In the Ryan Murphy-arranged “’Twas the Night Before Christmas,” Gunn showed his lighthearted side, and he brought joyful abandon to a medley of “Winter Wonderland,” “White Christmas” and “Let It Snow!”
Organist Richard Elliott performed a spirited solo, “Shepherds’ Dance,” with a fantasia of colorful lights illuminating the organ pipes. The choir and orchestra’s “And God Said: The Day Shall Dawn,” from Arthur Honegger’s “King David,” and Bach’s “Ah! Dearest Jesus” were also well-received. Choreographer Carol Iwasaki’s Renaissance-themed dances, combining folk dance and pageantry with ballet pointe work, were impressive and beautifully performed by a large contingent of wardrobed knights and fair maidens joined by a group of playful children dancers.
Before the devotional sweetness of Seymour’s narration of the Victorian carol “Good King Wenceslas,” she gave an impromptu, personal message about the joy she feels at Christmastime and the importance of having an open heart that gives freely.
Though the storytelling of myths and once-upon-a-time beginnings were evoked, it did not diminish the grandeur of Seymour’s reading of the Greatest Story Ever Told, found in Luke 2.
Before the concerts, audiences were promised a surprise, and it was a spectacular treat. Within the 21,000-seat LDS Conference Center, it snowed! Magically appearing snowflakes, slowly drifting from the auditorium ceiling, added volume to the snow-covered evergreens nestled around the castle walls.

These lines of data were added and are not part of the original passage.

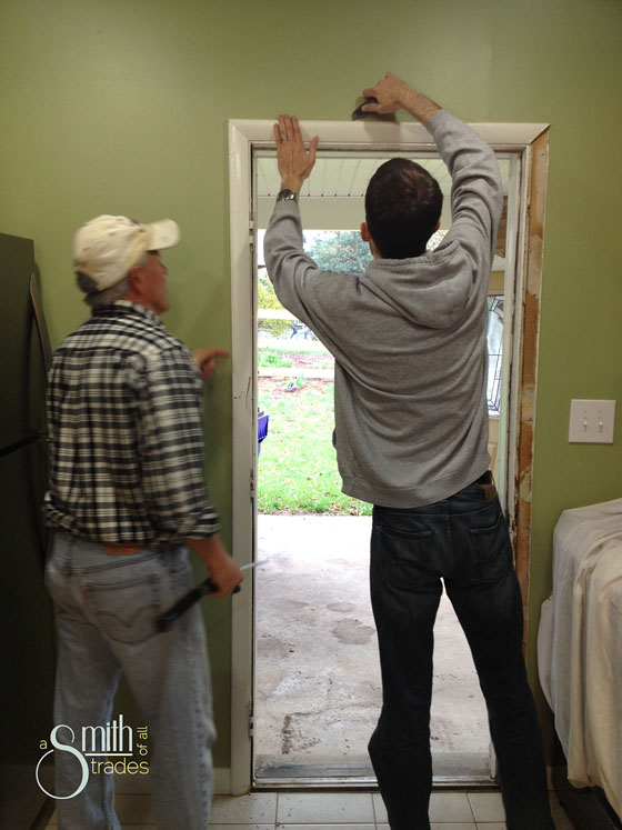 BUT, my step dad is the man. Seriously, he is the man. Not only did he save us like $700 by helping us install these doors, he patiently explained everything he did and let us be a huge part of the whole process. He was amazing. He was/is the man, and he figured out (after much cursing) exactly how to get the front door into our crooked, too-wide opening.
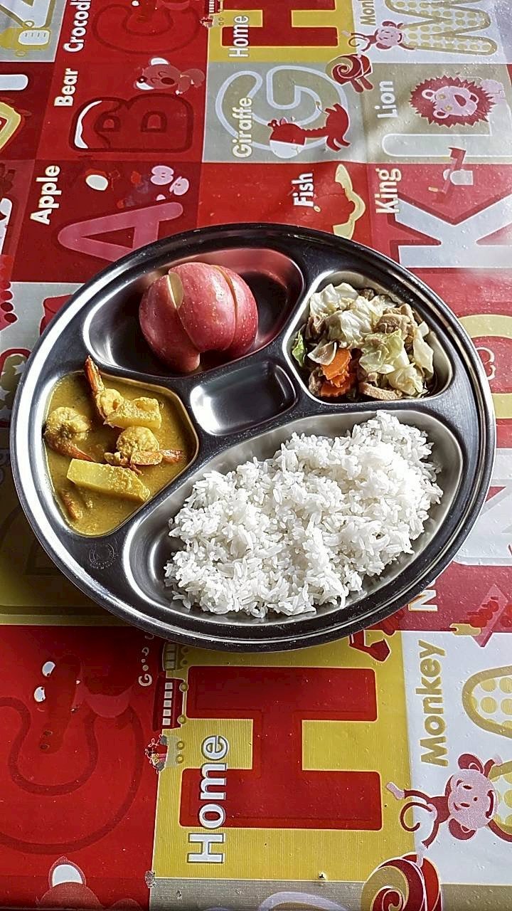 แกงกะทิกุ้งสับปะรด+ผัดไก่กะหล่ำปลี+ผลไม้ตามฤดูกาล (แอปเปิ้ล)
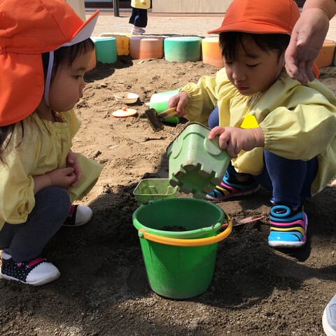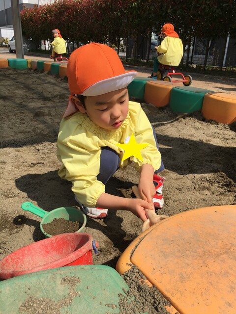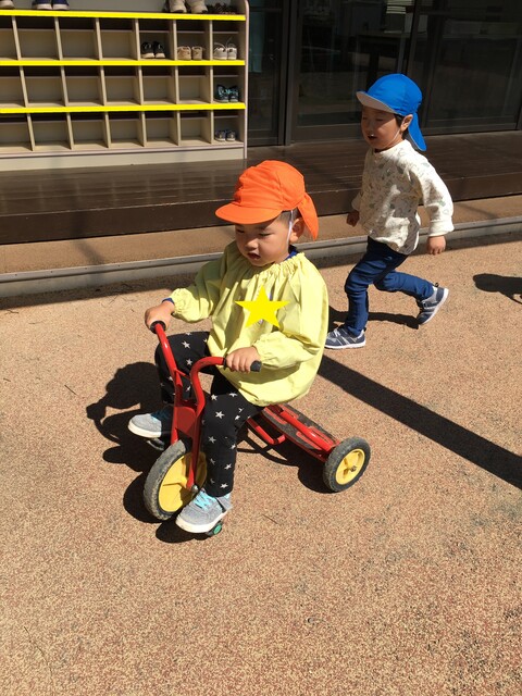 すべり台やかけっこ、砂場遊び、三輪車と、好きな遊びをじっくり楽しんでいます![]()
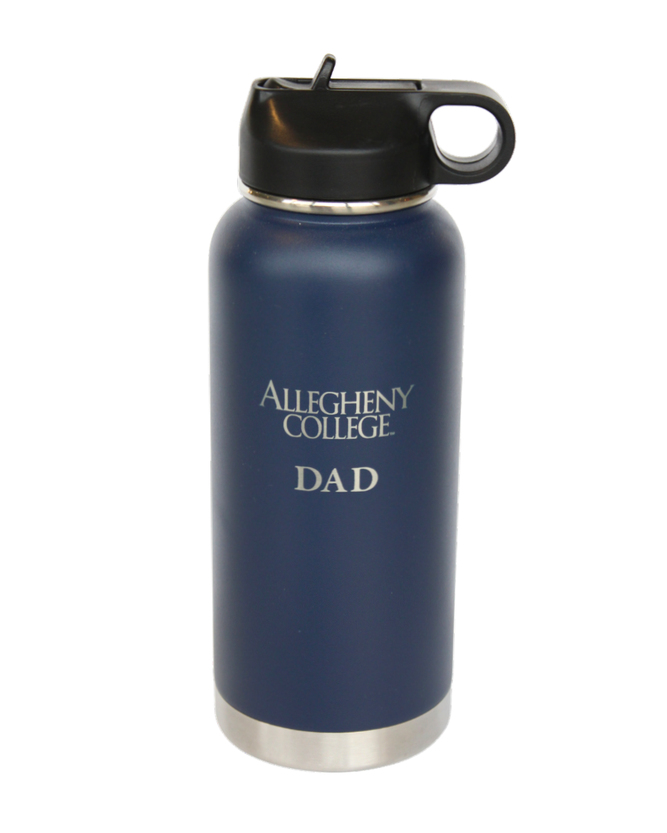 Navy stainless steel tumbler with silver inscription of “Allegheny College Dad.”

PBS president Paula Kerger traveled from Washington, D.C., to make the announcement that, with more than four million viewers, the concerts are the leading entertainment shows on public television during December. It’s yet another well-deserved honor and record for the widely acclaimed choir, with “Music and the Spoken Word” as the oldest continuous nationwide network broadcast in America.